## Data excerpts
★ ★ ★ ★ ★ ★ ★

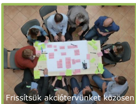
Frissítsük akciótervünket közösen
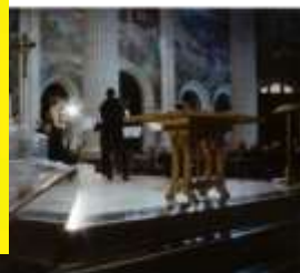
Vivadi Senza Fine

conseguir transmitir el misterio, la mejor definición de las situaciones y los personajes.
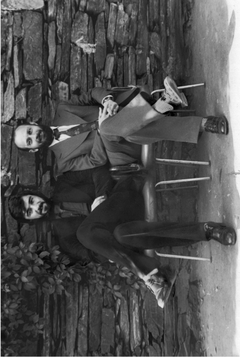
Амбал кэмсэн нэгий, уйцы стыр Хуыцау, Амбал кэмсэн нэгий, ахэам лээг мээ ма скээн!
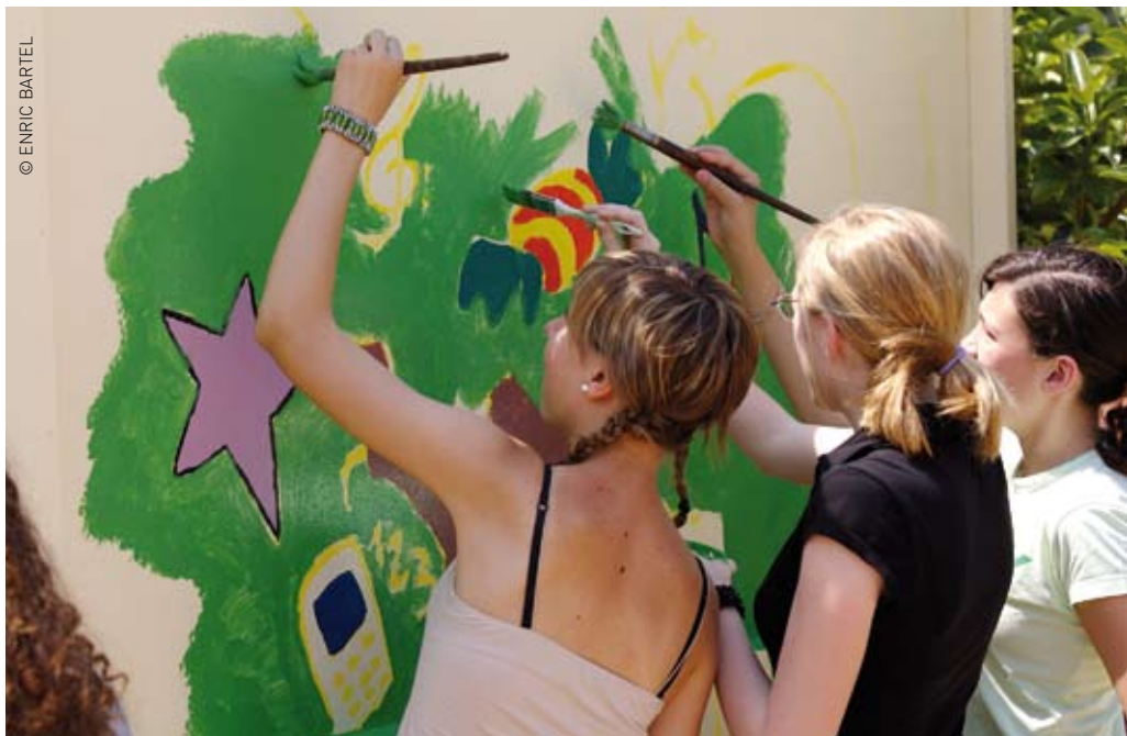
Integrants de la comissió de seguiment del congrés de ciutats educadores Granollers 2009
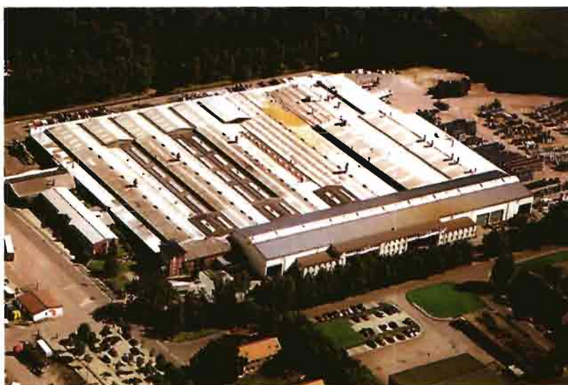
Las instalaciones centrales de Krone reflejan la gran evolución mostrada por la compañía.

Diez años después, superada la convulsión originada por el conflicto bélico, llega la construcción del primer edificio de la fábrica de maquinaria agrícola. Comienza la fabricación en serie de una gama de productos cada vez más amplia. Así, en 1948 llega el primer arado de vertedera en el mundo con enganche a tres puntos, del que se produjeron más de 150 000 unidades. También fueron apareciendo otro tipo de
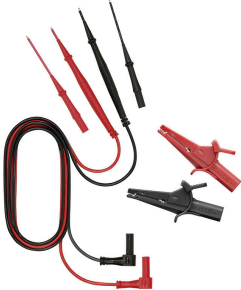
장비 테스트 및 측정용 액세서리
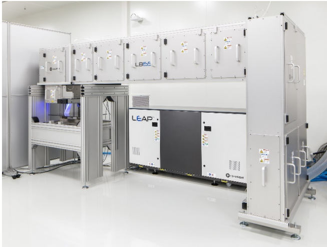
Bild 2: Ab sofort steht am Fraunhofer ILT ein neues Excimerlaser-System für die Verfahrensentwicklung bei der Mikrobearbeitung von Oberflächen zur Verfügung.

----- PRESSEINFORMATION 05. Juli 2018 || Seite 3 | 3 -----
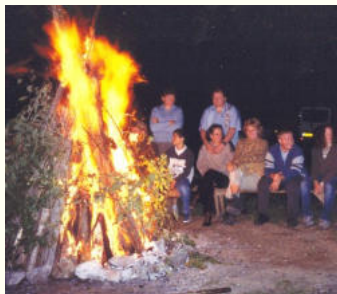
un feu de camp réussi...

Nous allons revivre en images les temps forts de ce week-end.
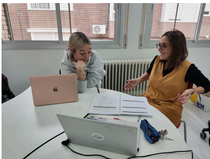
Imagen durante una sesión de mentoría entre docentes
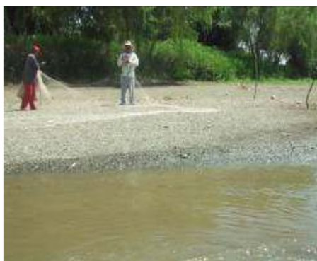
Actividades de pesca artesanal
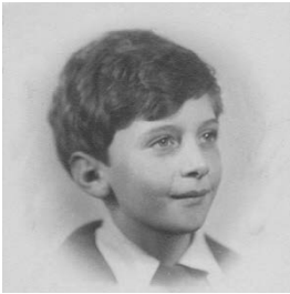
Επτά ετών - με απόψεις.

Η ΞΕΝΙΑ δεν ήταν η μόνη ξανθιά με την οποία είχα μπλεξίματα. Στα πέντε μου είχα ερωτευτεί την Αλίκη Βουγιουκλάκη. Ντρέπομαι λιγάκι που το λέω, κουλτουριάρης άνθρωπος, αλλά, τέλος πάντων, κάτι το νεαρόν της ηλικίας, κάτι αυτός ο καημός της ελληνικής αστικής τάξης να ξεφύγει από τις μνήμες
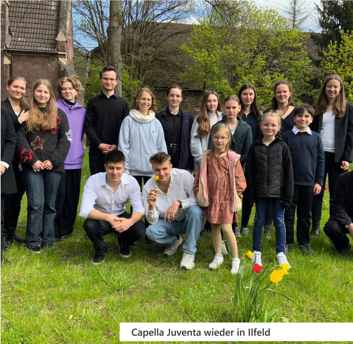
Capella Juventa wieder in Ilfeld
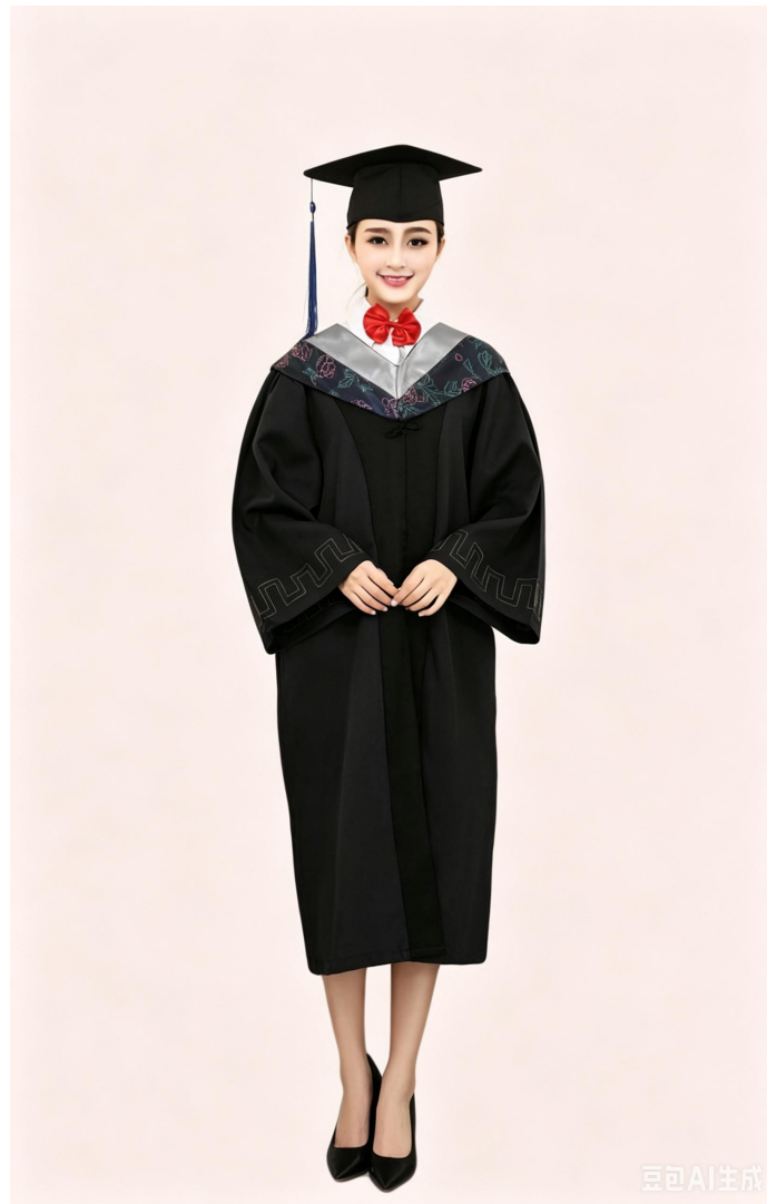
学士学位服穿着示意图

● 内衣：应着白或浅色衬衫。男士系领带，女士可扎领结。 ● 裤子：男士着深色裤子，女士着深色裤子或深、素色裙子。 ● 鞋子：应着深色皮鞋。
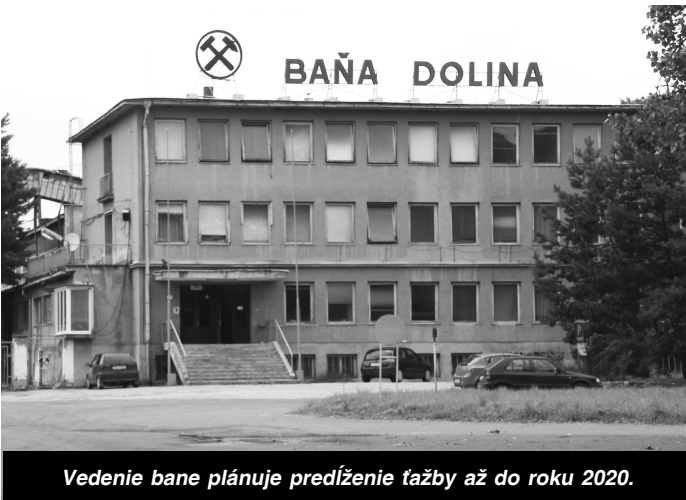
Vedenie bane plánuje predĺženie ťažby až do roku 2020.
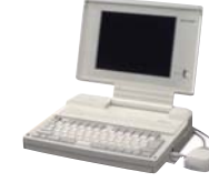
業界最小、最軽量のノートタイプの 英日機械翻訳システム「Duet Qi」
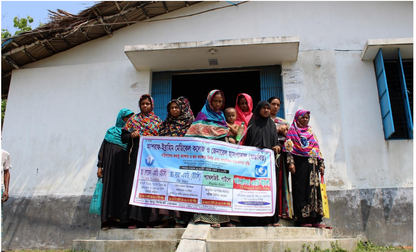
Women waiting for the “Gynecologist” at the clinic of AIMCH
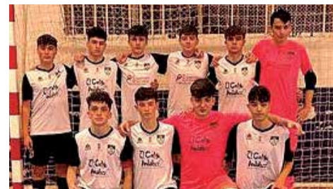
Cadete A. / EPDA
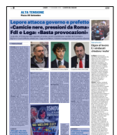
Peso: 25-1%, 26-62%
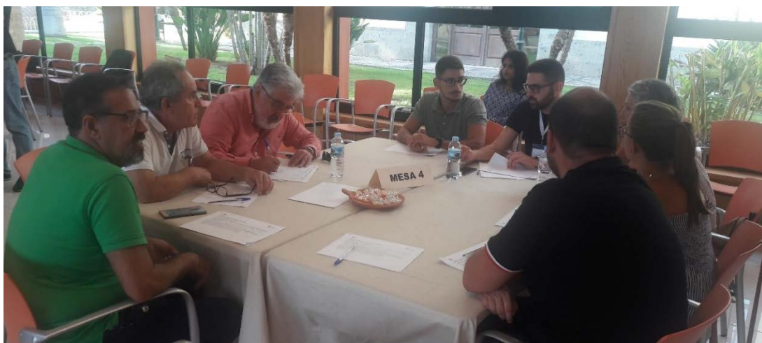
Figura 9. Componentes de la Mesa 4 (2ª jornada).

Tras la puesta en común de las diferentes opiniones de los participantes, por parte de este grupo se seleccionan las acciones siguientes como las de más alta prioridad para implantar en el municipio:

★ ★ ★ ★ ★ ★ ★

## Required work
Type the entries again verbatim. Drop the images.

## Solution for this problem
Frissítsük akciótervünket közösen
Vivadi Senza Fine

conseguir transmitir el misterio, la mejor definición de las situaciones y los personajes.
Амбал кэмсэн нэгий, уйцы стыр Хуыцау, Амбал кэмсэн нэгий, ахэам лээг мээ ма скээн!
Integrants de la comissió de seguiment del congrés de ciutats educadores Granollers 2009
Las instalaciones centrales de Krone reflejan la gran evolución mostrada por la compañía.

Diez años después, superada la convulsión originada por el conflicto bélico, llega la construcción del primer edificio de la fábrica de maquinaria agrícola. Comienza la fabricación en serie de una gama de productos cada vez más amplia. Así, en 1948 llega el primer arado de vertedera en el mundo con enganche a tres puntos, del que se produjeron más de 150 000 unidades. También fueron apareciendo otro tipo de
장비 테스트 및 측정용 액세서리
Bild 2: Ab sofort steht am Fraunhofer ILT ein neues Excimerlaser-System für die Verfahrensentwicklung bei der Mikrobearbeitung von Oberflächen zur Verfügung.

----- PRESSEINFORMATION 05. Juli 2018 || Seite 3 | 3 -----
un feu de camp réussi...

Nous allons revivre en images les temps forts de ce week-end.
Imagen durante una sesión de mentoría entre docentes
Actividades de pesca artesanal
Επτά ετών - με απόψεις.

Η ΞΕΝΙΑ δεν ήταν η μόνη ξανθιά με την οποία είχα μπλεξίματα. Στα πέντε μου είχα ερωτευτεί την Αλίκη Βουγιουκλάκη. Ντρέπομαι λιγάκι που το λέω, κουλτουριάρης άνθρωπος, αλλά, τέλος πάντων, κάτι το νεαρόν της ηλικίας, κάτι αυτός ο καημός της ελληνικής αστικής τάξης να ξεφύγει από τις μνήμες
Capella Juventa wieder in Ilfeld
学士学位服穿着示意图

● 内衣：应着白或浅色衬衫。男士系领带，女士可扎领结。 ● 裤子：男士着深色裤子，女士着深色裤子或深、素色裙子。 ● 鞋子：应着深色皮鞋。
Vedenie bane plánuje predĺženie ťažby až do roku 2020.
業界最小、最軽量のノートタイプの 英日機械翻訳システム「Duet Qi」
Women waiting for the “Gynecologist” at the clinic of AIMCH
Cadete A. / EPDA
Peso: 25-1%, 26-62%
Figura 9. Componentes de la Mesa 4 (2ª jornada).

Tras la puesta en común de las diferentes opiniones de los participantes, por parte de este grupo se seleccionan las acciones siguientes como las de más alta prioridad para implantar en el municipio:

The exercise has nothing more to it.